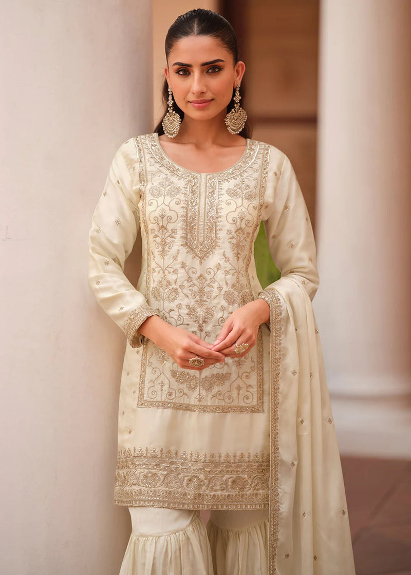 Designer Ivory Silk Satin Embroidered Gharara Set
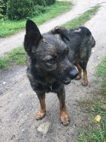 Maly piesek, przyjazny i chodzi za ludzmi. Ma zolta zaruwiasta obroze, brazowe oczy.
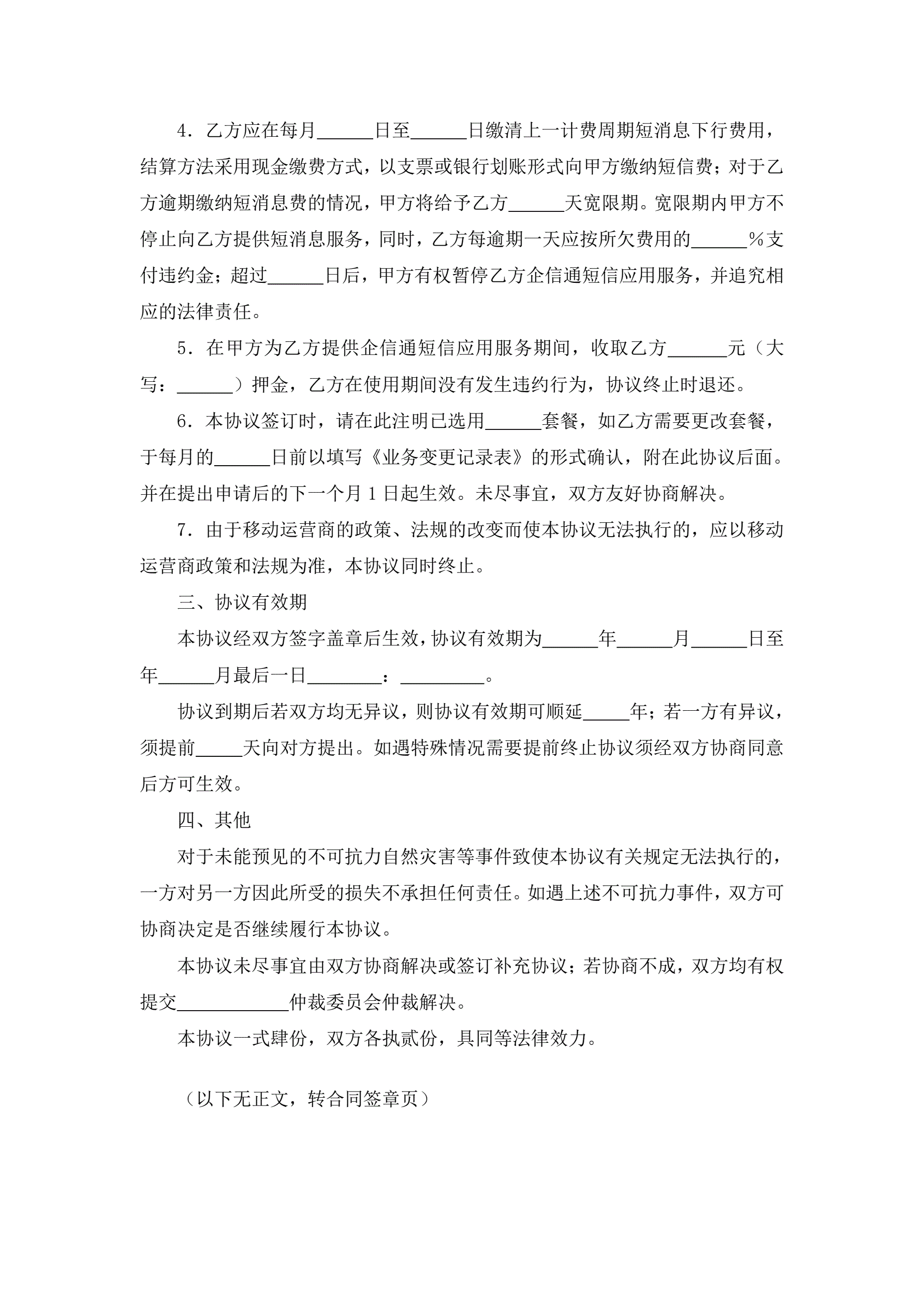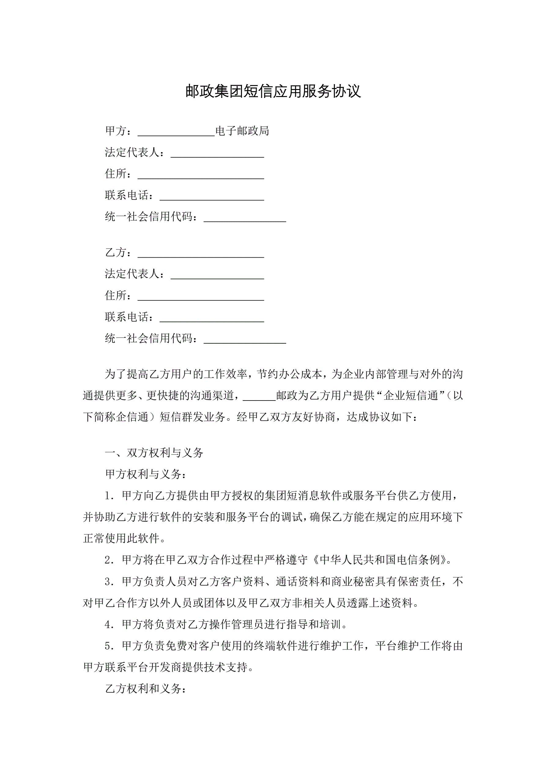 >邮政集团短信应用服务协议

☆ ☆ ☆

ABOUT THIS TASK: Write out all of the data above exactly, pictures excluded.

SOLUTION FOR THIS EXERCISE:
 Designer Ivory Silk Satin Embroidered Gharara Set
 Maly piesek, przyjazny i chodzi za ludzmi. Ma zolta zaruwiasta obroze, brazowe oczy.
 >邮政集团短信应用服务协议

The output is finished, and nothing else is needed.